I recall having conversations about the sudden influx of unfettered access to pornography into people’s lives. Just 10 years earlier, you had to make the walk-of-shame from the magazine rack or the back room of the video store, and that was if you could pass for being old enough, or in my case, find an establishment that valued the dollar over the moral purity of a 13-year-old boy.

Even then it was clear that I was going to be part of the last generation to have to do any actual work to look at pornography. I had to ride my bike to the video store, about two miles each way, play the whole cat-and-mouse game of trying to act older (though they never denied me) and mixing in a mainstream movie or two. I had to hide the porn from my parents and make sure they wouldn’t catch me watching it.

Even in 1998, it was clear the way people viewed porn would be forever changed and it didn’t take a genius to understand the Clear Browser History button would be a 13-year-old’s best friend. You could look at anything your heart desired and nobody would ever find out.

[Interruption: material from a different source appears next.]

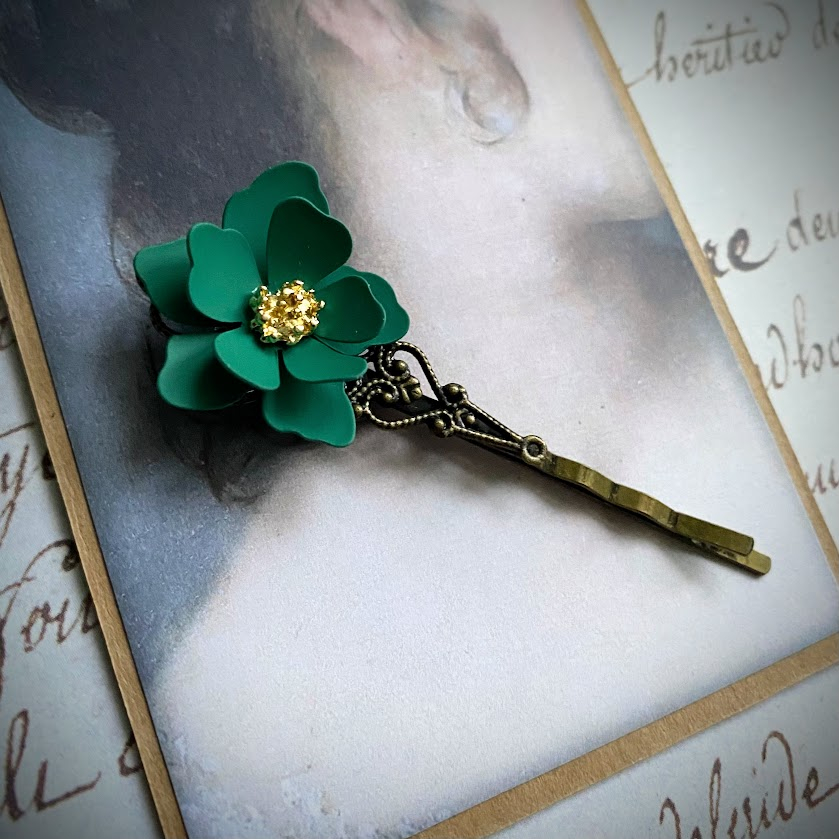Antiikkipronssinvärinen hiuskoriste on viimeistelty kauniilla, vihreällä kukalla, jota koristavat kullanväriset terälehdet.

I couldn’t imagine having been a 13-year-old boy in the age of the Internet.

I wrongly hypothesized that viewing porn was going to become a mundane activity. I saw the danger of getting my hands on porn and the potential of being caught as part of the intrigue. I was wrong. Take away the danger and intrigue and you’ve still got naked people doing naked things. I now know that will always be enough to draw people in.

A Pathetic History of Porn Education

Nobody talked about porn as a bad (or good) thing when I was a kid. Nobody talked about it except far right-wing politicians or religious zealots who always seemed detached from reality. Stories of going blind or hairy palms were ludicrous, yet preached by these groups. It was almost cartoon-like with its idiocy.

There was a blip in the late 80s and early 90s with groups like the Parents Television Council or the Parents Music Resource Council gaining a little bit of ground – that’s back when explicit lyric advisories were placed on CDs and TV shows started being rated. But they also talked about the dangers of violence in video games and Satanic lyrics in music, so again, their zealotry eliminated any actual common sense they occasional brought to the table.

These days, I don’t see porn as being the taboo subject it was when I was growing up, but I also don’t think it’s seen in a negative light nearly like it was. I’m not sure this is a good thing.

I’m guessing these days (where the average kid first sees porn at 11) there is no sense of danger or doing the wrong thing that there was back in my day. There are no more gatekeepers beyond a parent trying to put a filter on a computer – but those are easily skirted by anybody over 9, either in age or IQ. There is an unending supply of porn flowing to children through the Internet on their computers, tablets and telephones.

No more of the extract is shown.